The somewhat unique point made by this ruling, though, is its finding that the occupation at issue is viewed from the perspective of what the insured was doing prior to the date of the disabling accident or illness and not necessarily the occupation being performed on the date of application for disability benefits. The 7th Circuit has also written on this point. In Winter v. Minnesota Life Insur.Co., 199 F.3d 399 (7th Cir. 1999), the court held that the insurer must consider the insured occupation as it was performed prior to the onset of a condition even though efforts were made to continue working. In Winter, the insured was a commodity trader who developed a vocal impairment that prevented him from working in an open outcry trading environment. Although he attempted to trade electronically, he was unsuccessful; and the court examined his disability from the perspective of whether Winter could work as an open outcry trader.

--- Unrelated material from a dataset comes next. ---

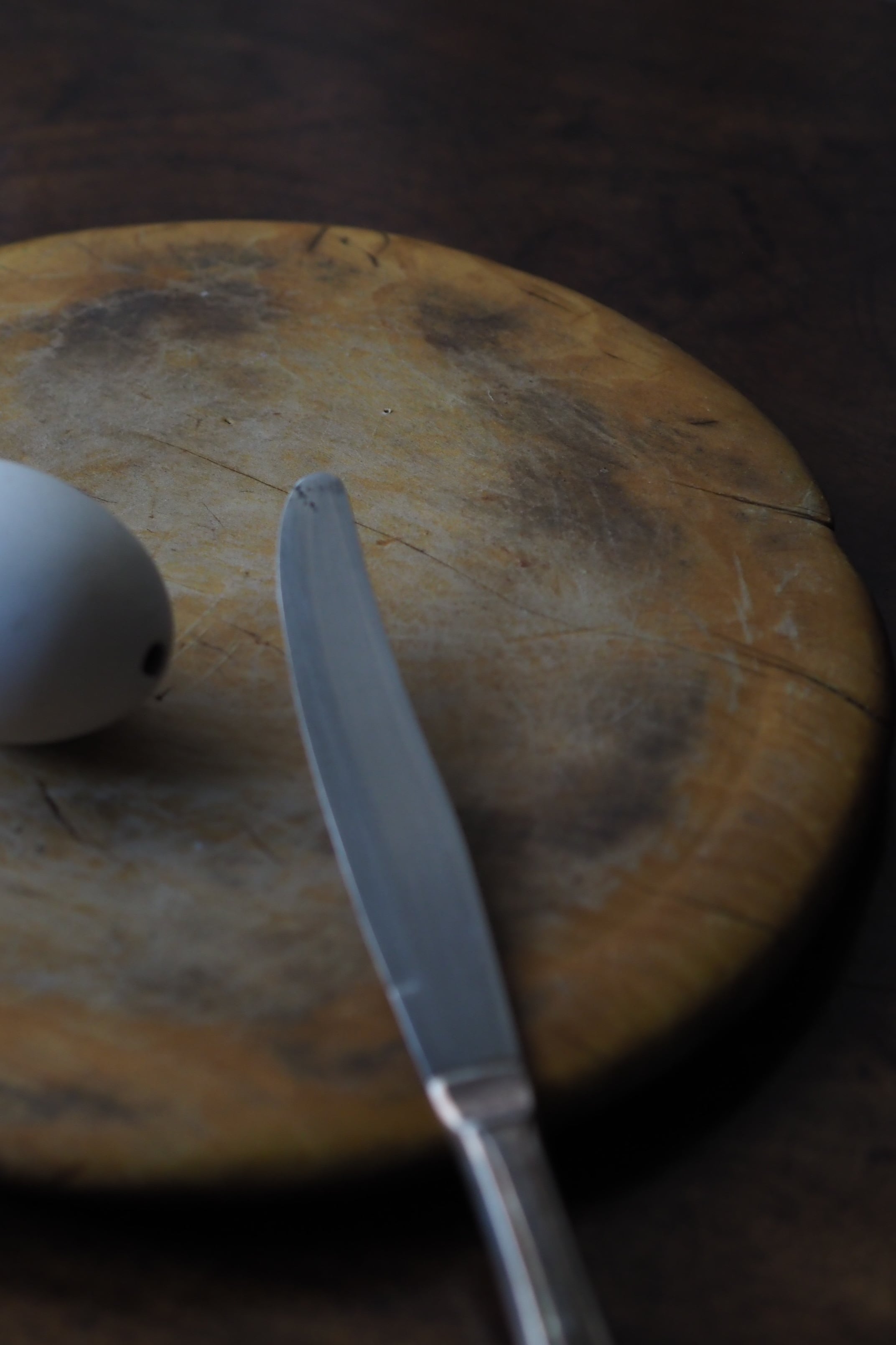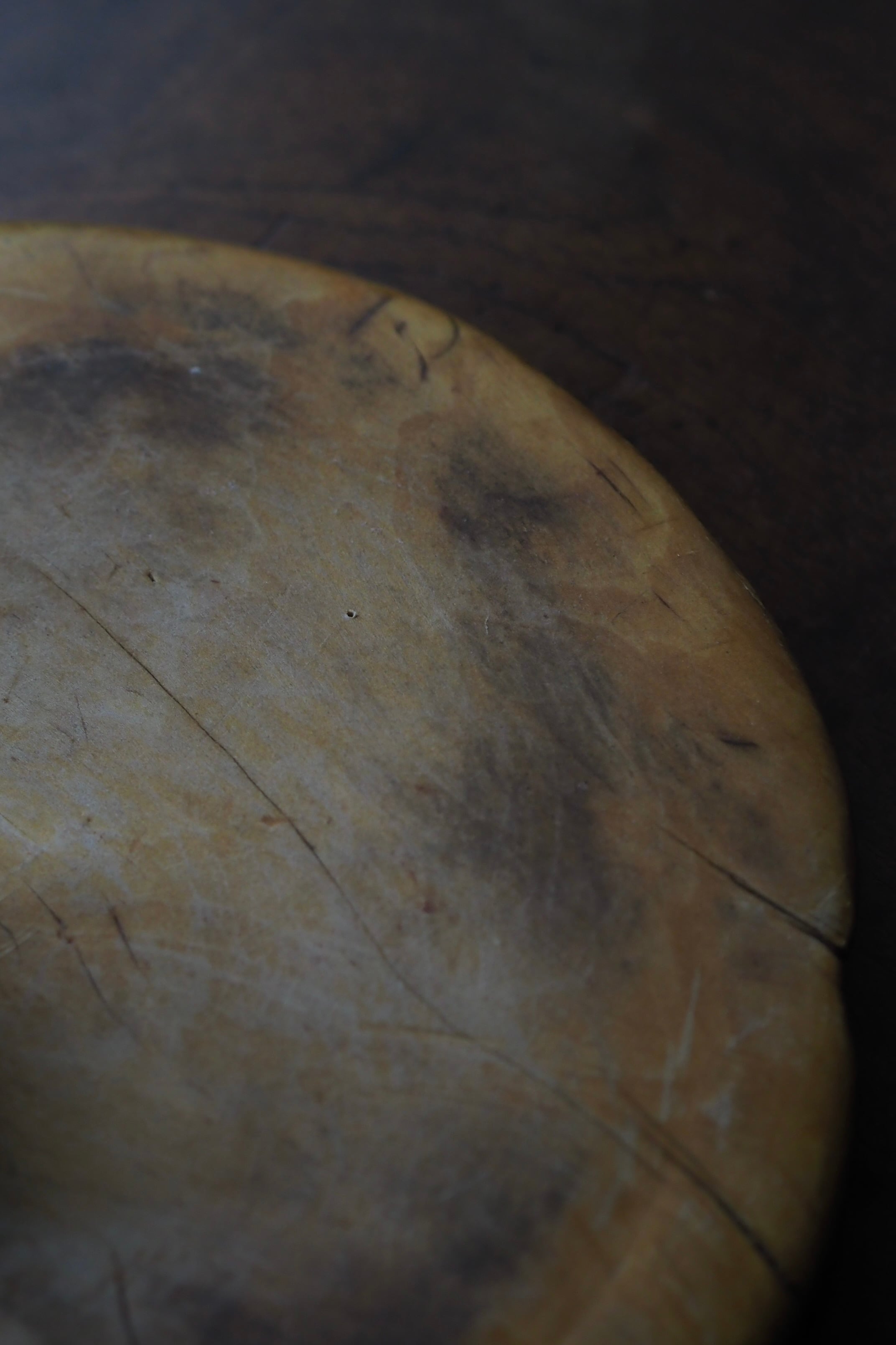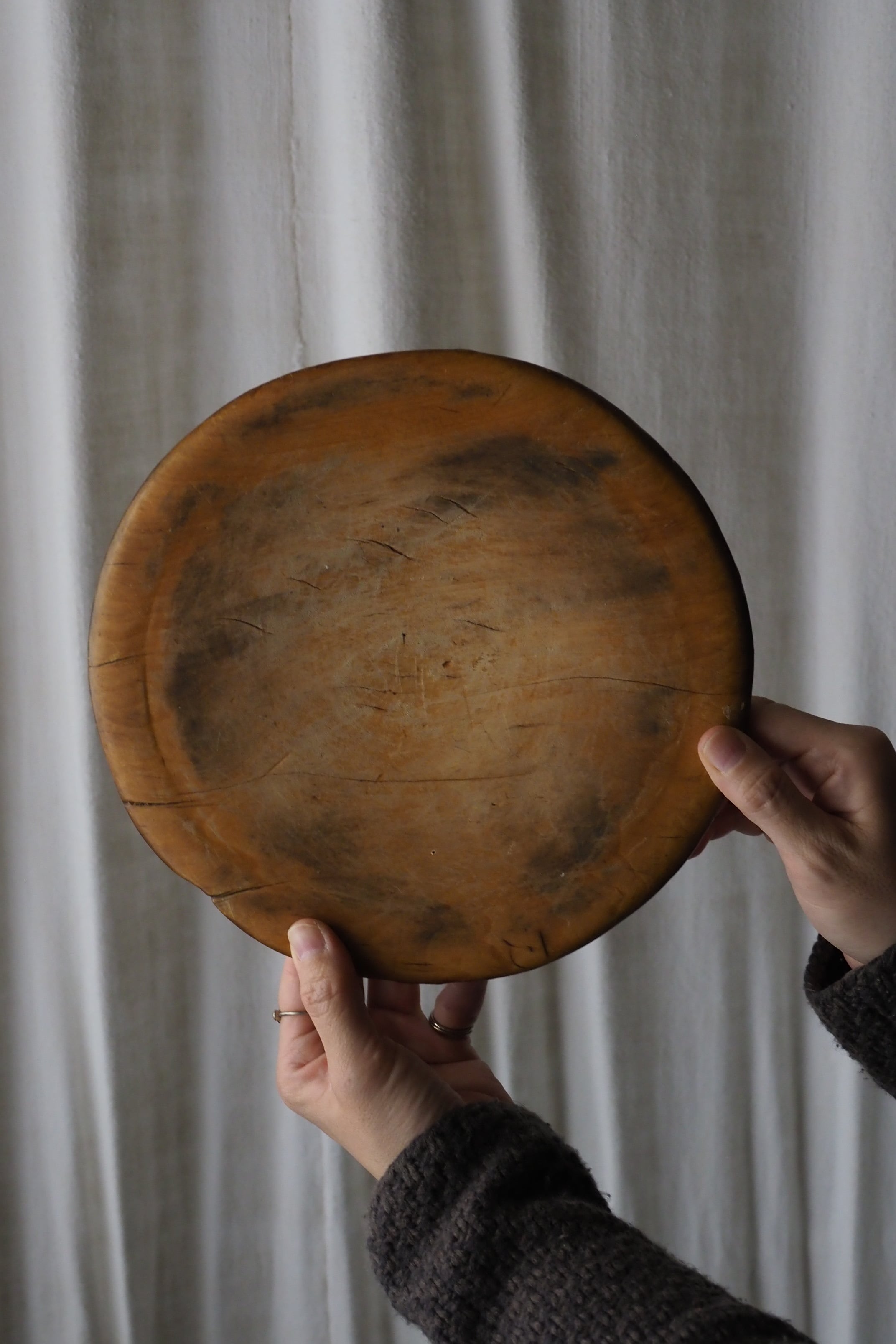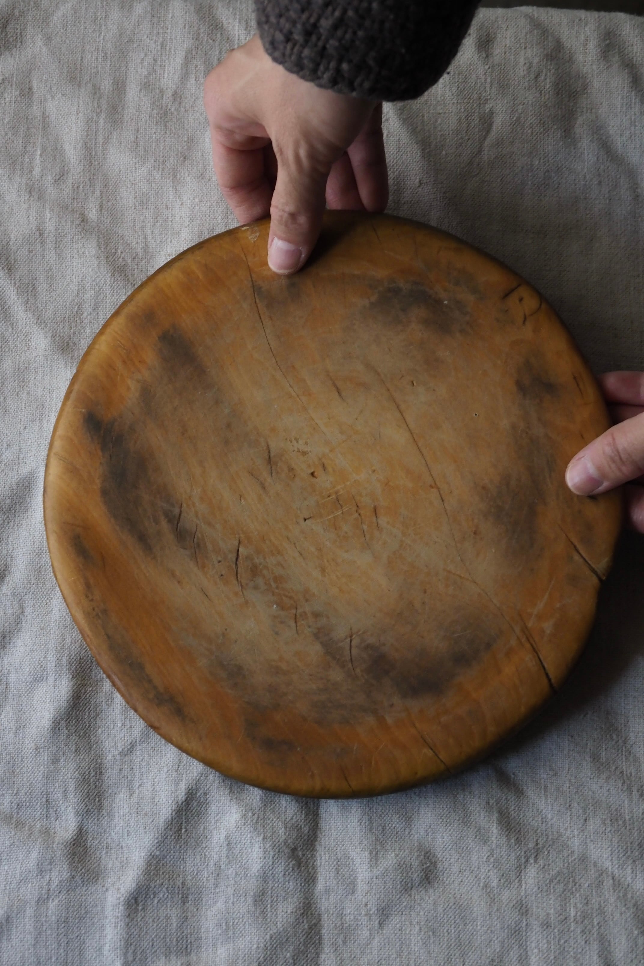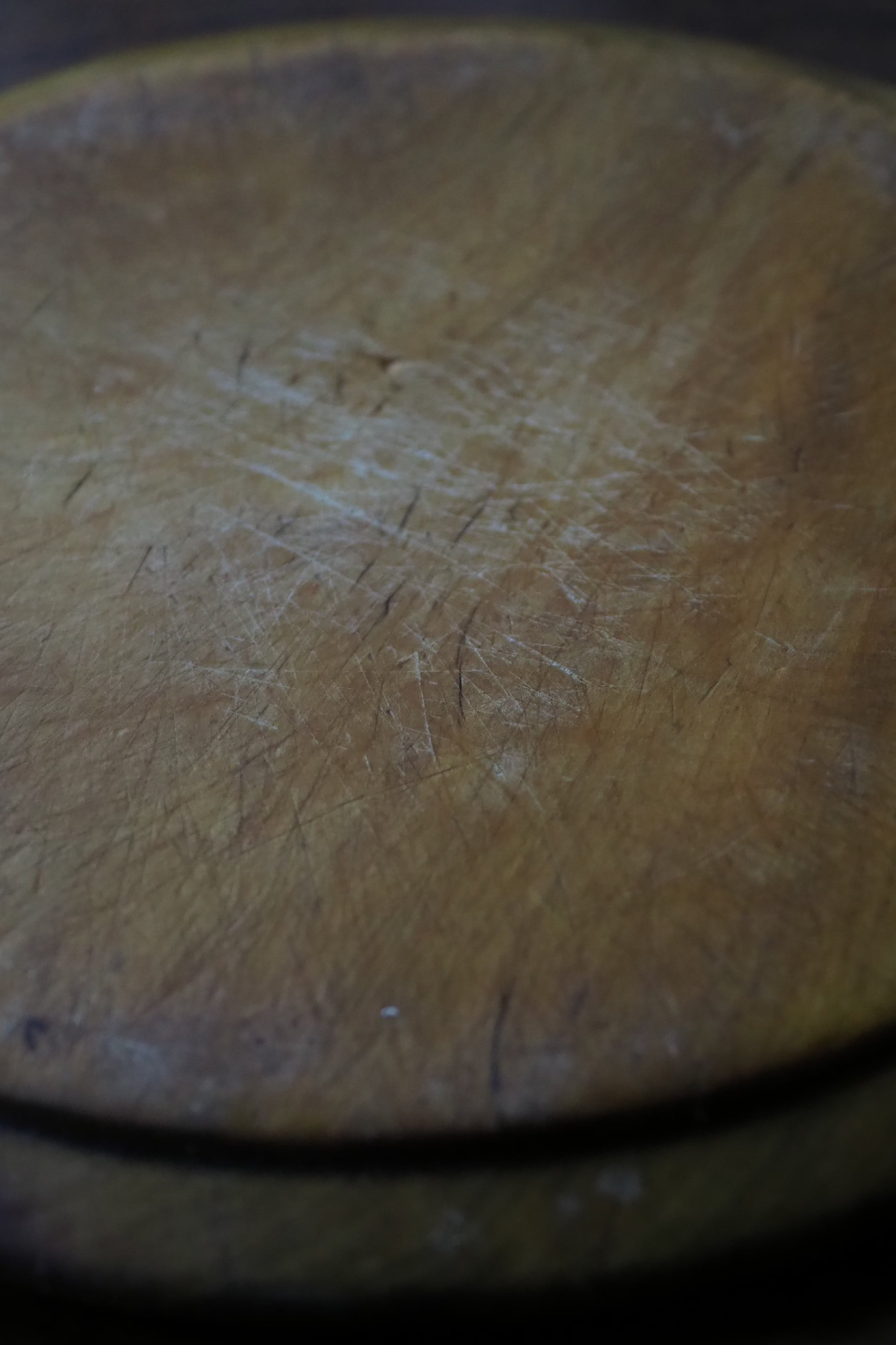 使い込まれたつるりとした表面、イギリスのブレッドボード。

Likewise, a district court in New York ruled that if the insured is temporarily working at a light duty job, it is also improper to consider the temporary position as the insured's occupation according to Peterson v. Continental Casualty Corp., 77 F.Supp.2d 420 (S.D.N.Y. 1999); rev'd in part 282 F.3d 112 (2d Cir. 2002). However, in Blickenstaff v. R.R.Donnelley & Sons Co. Short Term Disability Plan, 378 F.3d 669 (7th Cir. 2004), the court ruled the plaintiff's ability to perform her regular job with accommodations under which she had been performing her occupation precluded an award of disability benefits.